By now the sun was down but there was still light, and our guide didn’t want to rush us. Nevertheless we all understood and finally made our way to our camp.
It was not our first time camping in the middle of wild animals without a fence (that was in Serengeti). But the previous time it had been in a large camp, with buildings and facilities.
This time, it was a true bush camp.
When we arrived, our tents were set up in a circle around a campfire, and the two safari trucks closed the circle. Outside the circle they had set up two other tents with a toilet inside, and a small light on the ground by each one.
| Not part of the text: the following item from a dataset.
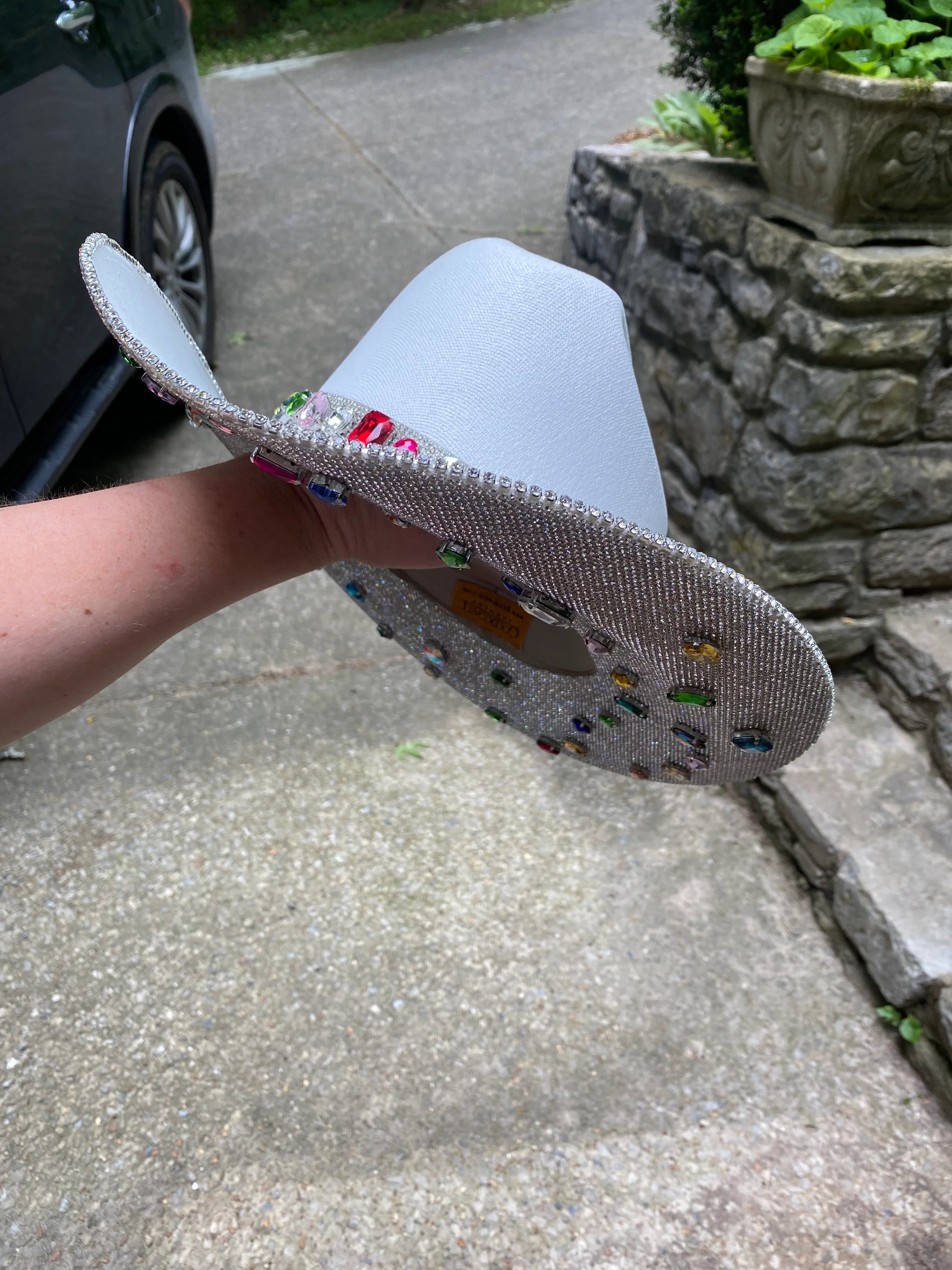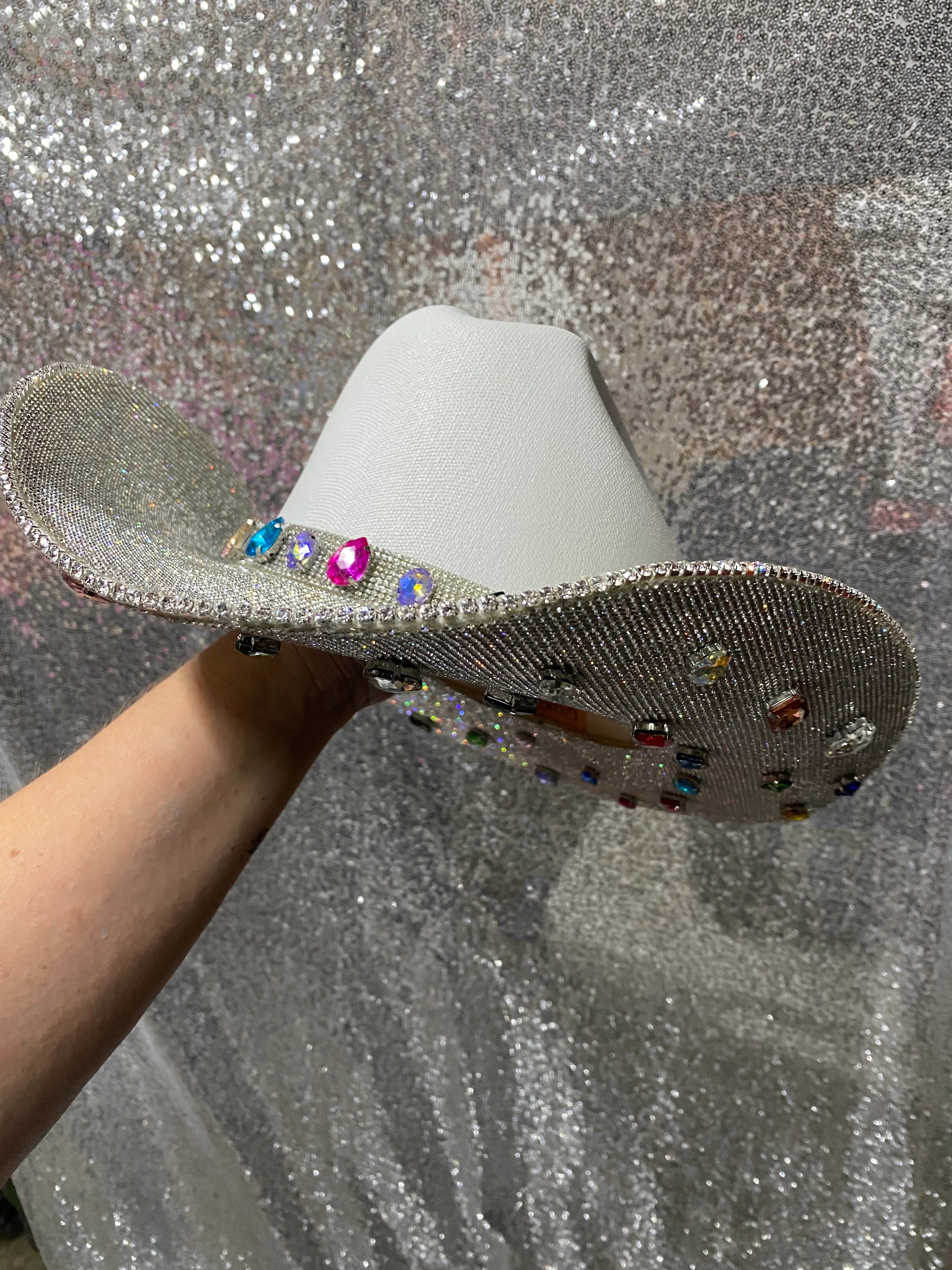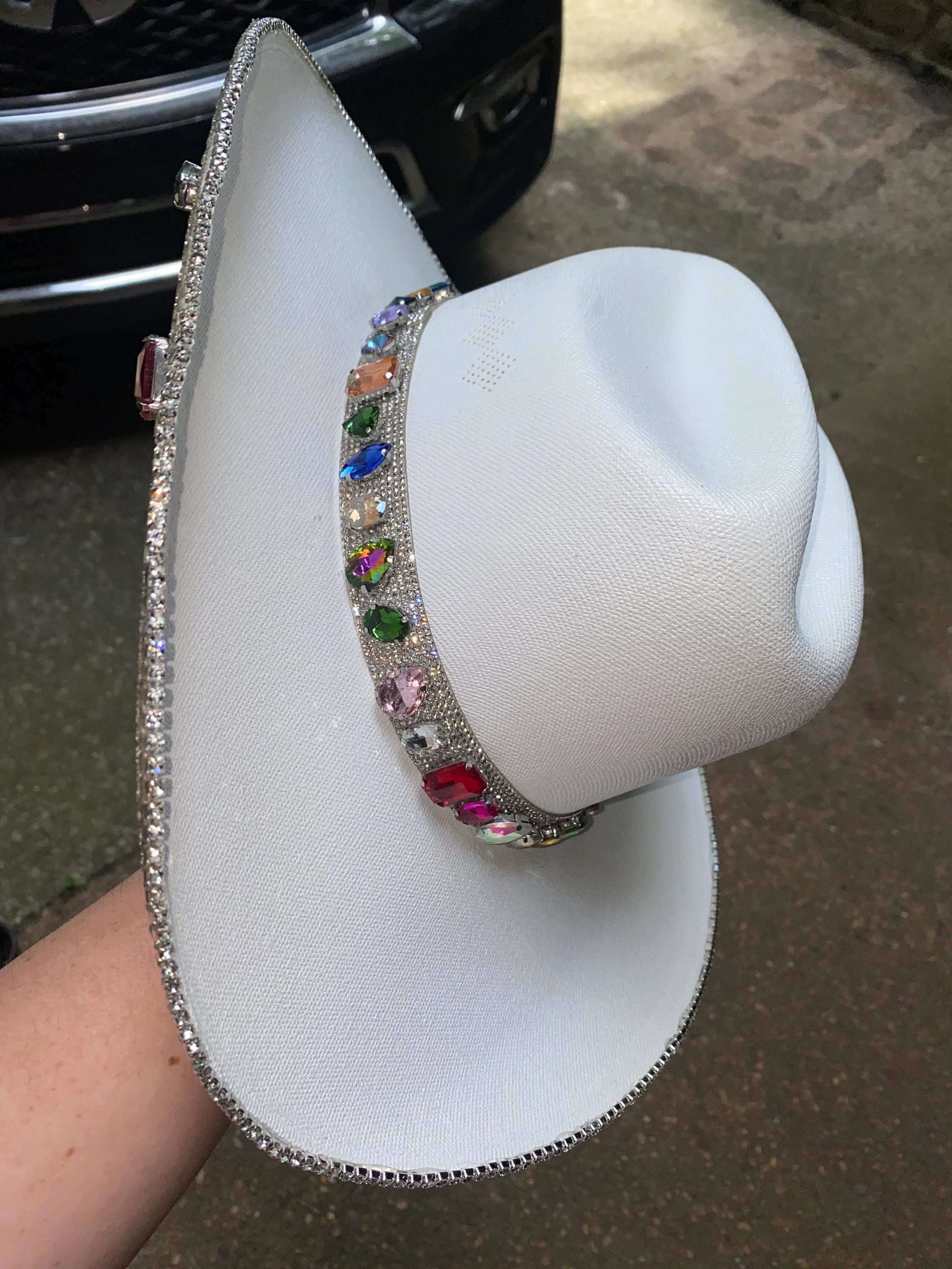 The “Rife” is named after blogger and influencer Whitney Rife (Instagram @Whitneyrife) who designed this white hat with crystal rhinestones and colorful gems. Nearly 60 gems are added to this hat all over the bottom brim and around the hat band to create a truly unique hat that no one else will have.

That was all.
Our dinner was ready since the trip’s cook had come earlier, so we all sat by the campfire. The instructions were very clear: don’t wander around the camp; don’t leave your tent to check the noises outside; use your torch to look around; if you go to the toilet take your tent partner with you.
The milky way was clear in the sky, and it was a magical night sitting by the campfire before sleeping in the wild. I slept very well, and heard a hyena at some point. Some people heard lions in the distance.
On the next morning we made our way back through the same roads.
Chobe National Park is truly a magical place, and we’d recommend everyone a visit. It is quite accessible and very close to Victoria Falls, our next destination.
Actually, after staying three nights in Victoria Falls, we came back to Chobe and did it all again, since our overland tour from Nairobi to Cape Town is divided by the operator into smaller tours. Therefore, in Victoria Falls we said goodbye to friends we had made on the trip and welcomed new ones. The first stop for the new segment of the tour was again Chobe National Park!
We were glad to do it all again, but the second time we didn’t see leopards and it was much harder to spot lions. My favorite moment was crossing a buffalo heard that was easily over a thousand strong.